In pedestrian detection, annotated data for designing classifier is generated using artificially generated virtual world [31]. It is possible to extend the idea for event detection from image observed by vehicle mounted camera system. We generated symbol sequences from events in virtual world. Events detected from generated symbol strings coincide with the events detected from real world test data sequences.

7 Conclusions

We proposed a method for the symbolisation of the temporal transition of environments using statistical analysis of the flow field. The algorithm allows us to interpret a sequence of images as a string of events.

A machine can control a car to avoid incidents by detecting abnormalities using event strings stored in a dictionary. The symbolisation of temporal optical fields is suitable for the generation of entries in such a dictionary.

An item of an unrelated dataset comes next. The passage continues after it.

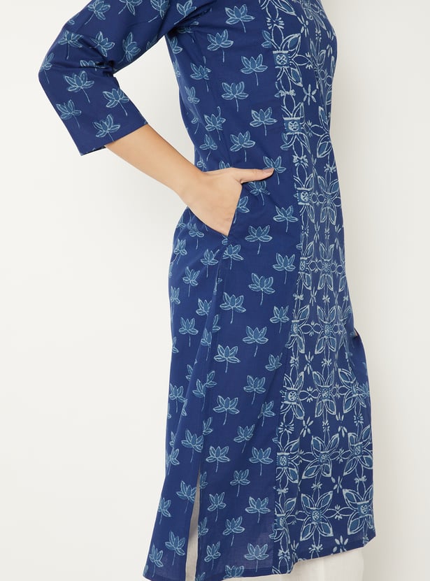 Keep it classic with this printed straight kurta, featuring a round neck, 3/4th sleeves, a side pocket, and side slits. Its timeless silhouette and vibrant print make it a versatile choice for everyday wear.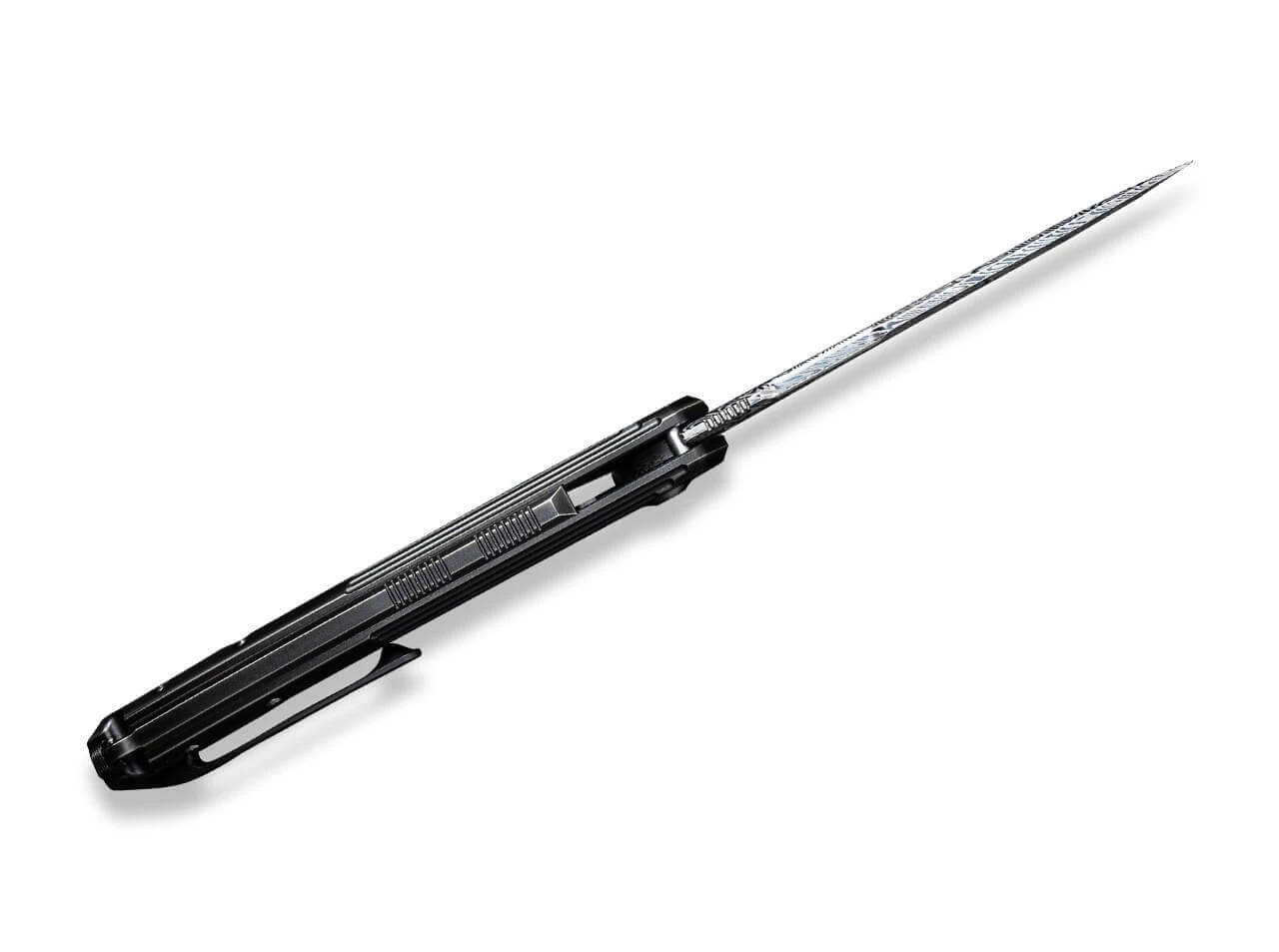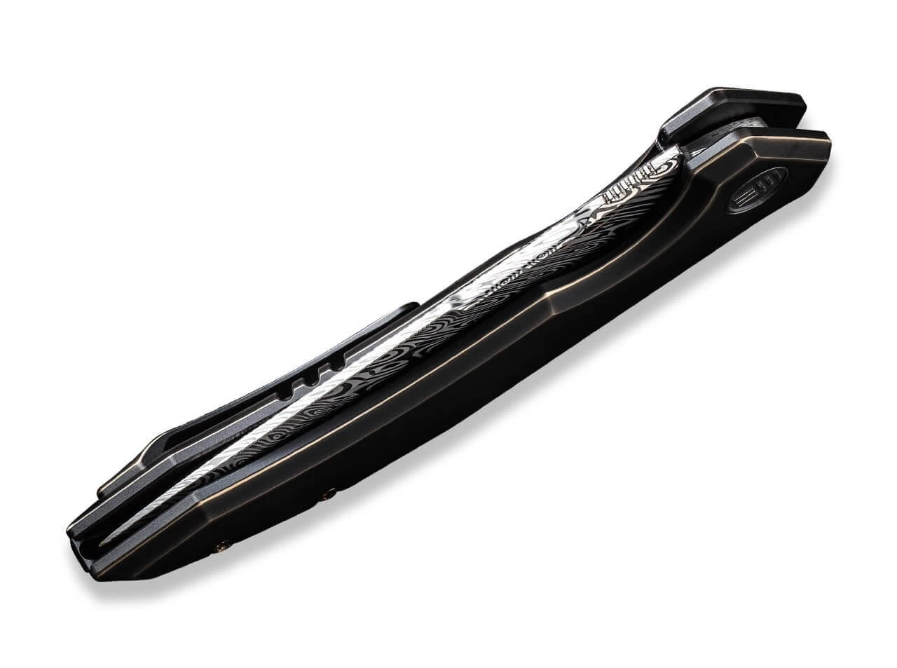 Das WE Knife Quixotic ist der Idealist unter den EDC Messern. Als Beweis führt der Framelock Folder die mythische Heimskringla Damast-Klinge sowie den bronze mellierten Griff aus schwarzen Titan an, mit denen die alltäglichen Schneidarbeiten ein Leichtes werden. Die markante Fehlschärfe sowie die Riffelungen auf dem Klingenrücken setzen optische Akzente, während der Clip (Tip-up/r) sowie die Fangriemenöse das Messer funktionell abrunden.

We have introduced a framework for syntactical interpretation of dynamic scenes using the temporal transportation of the optical flow fields. The future work for us is to derive semantics of the motion fields from strings of symbols. Multiscale image analysis of the dynamic scenes provides hierarchies of the motions [32] in the scenes from temporal local deformation to global fluctuations. Therefore, these hierarchies of motions would define the syntactic structure and semantic meaning of dynamic scene. The optical flow fields are the important queries for linguistic analysis of the dynamic scene.